Parliament has been briefed by the army on operations and by a minister in the government on policy, but representatives are deeply unhappy and the debate looks set to continue into next week. As the politicians bicker, the insurgency in the north-west continues to burn and suicide bombings create terror across the country. And this while Pakistan sinks into an economic crisis, which sends the rupee to new lows on a daily basis and has put the price of food beyond the reach of millions.

The parliament session was called by the Pakistan People's Party, which leads the coalition government, ostensibly to forge a cross-party consensus on the anti-terror strategy. In reality, said members of the assembly, the idea was to get the other parties to back the existing strategy, which has seen the Pakistan army launch operations against militants in Bajaur, part of the tribal border area with Afghanistan, and in Swat, a valley in the north-west.

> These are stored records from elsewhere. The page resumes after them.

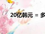 大家好,小东方来为大家解答以上的问题。20亿韩元 = 多少人民币,20亿韩元这个很多人还不知道,现在让我们一起来看看吧!1、根据2020年1月2 浏览全文>>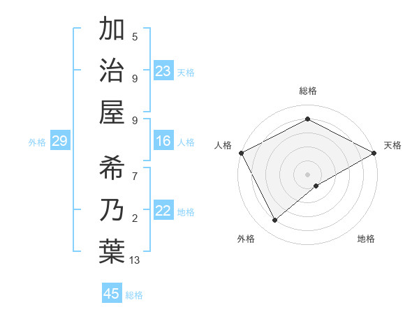 加治屋 希乃葉さんを姓名の画数から五運を鑑定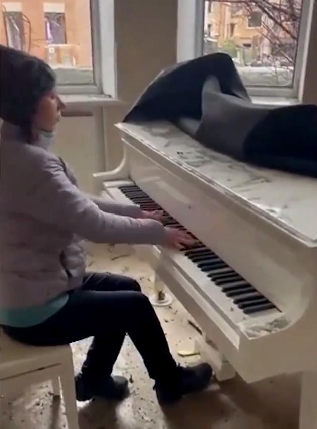 之前,有网友上传了一段视频,画面中是一位女士在被炸毁的家中弹奏钢琴。
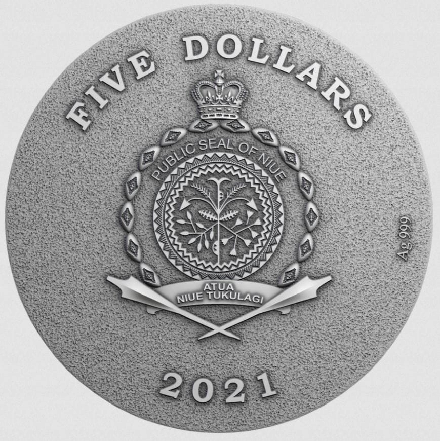 Rewers monety przedstawia pirata - przebiegłego porywacza i poszukiwacza skarbów. Szuka on zdobytego przez siebie azteckiego skarbu: bogactwa złotych wyrobów, monet i klejnotów. Obramowanie zostało stworzone z motywów znanych z kalendarza azteckiego. Z kolei na awersie znajduje się herb wyspy Niue.

"This is just an effort to justify the status quo," said Khurram Dastagir, a member of parliament for the biggest opposition group, which is the party of Nawaz Sharif, the former prime minister. "Unless there is a substantial change of policy, the people of Pakistan will not be put out of their misery." Mr Sharif's party called for talks to be opened with the Pakistani Taliban, dropping the government's precondition that it would only have dialogue with those who "laid down their arms".

In place of consensus, it seems that the Pakistan People's Party is essentially isolated. Even two of its key coalition partners, the Jamiat-e-Ulama-I-Islam (JUI) and the Awami National Party have made clear they do not have faith in the current policy. "The signal to the army will be very bad if it gets no consensus backing," said Faisal Saleh Hayat, a former interior minister under the previous regime of Pervez Musharraf.

The leader of the hardline Islamist JUI, Maulana Fazlur Rehman, demanded that, because the army had given a presentation to parliament, the Taliban should be allowed to address legislators as well. An editorial this week in the Daily Times, a Pakistani paper, said: "This means that he [Rehman] wants the Pakistan Army to be put at par with the people it is fighting in the Tribal Areas. Is this his idea of 'justice'? When it comes to choosing, will he support the terrorists and spurn the army?"

The Taliban agreed with Maulana Rehman. Maulvi Omar, a spokesman for the militants, said this week it was pointless to debate the security situation in parliament without bringing in the Taliban's view. "What is the use of discussing the situation without talking to us?" he said. Omar also offered the government a ceasefire - only if the army halted its operations and suggested that the Taliban would thereafter help clear out foreign militants, ie, al Qa'eda. However, the Pakistan Taliban has repeatedly shown a willingness to sign deals, which they have no intention of keeping.

It was Mr Musharraf who took Pakistan into Washington's "war on terror". Bizarrely, even the party formed specially to support Mr Musharraf, the Pakistan Muslim League-Q, which led his government, now says Pakistan is pursuing a policy that is too pro-American. They say the current administration, led by Asif Zardari, the president, has gone further to please the United States than Mr Musharraf ever did.

"The majority of the people of Pakistan do not see it as our war. We are fighting for somebody else and we are suffering because of that," said Tariq Azim, a former information minister in the Musharraf government. "At the moment, the only ones toeing the line are the People's Party." What Mr Musharraf's former acolytes do not point out is that he never consulted parliament on security policy. That is because national security, particularly policy towards India and Afghanistan, has never been in the hands of politicians in Pakistan.

And, just because parliament is holding a debate now, does not mean that civilians are in charge suddenly. Parliamentarians were briefed by an army general and only received a ministerial presentation after demanding it. The army still decides the policy, most believe inside and outside parliament, and that raises the delicate issue of whether the military has really cut its ties with jihadist groups that it nurtured over many years.

"There are still training camps, still [terrorist] sanctuaries, still cross-border movement in the tribal area," said Bushra Gohar of the Awami National Party. "There's duplicity, at some level, in our policies."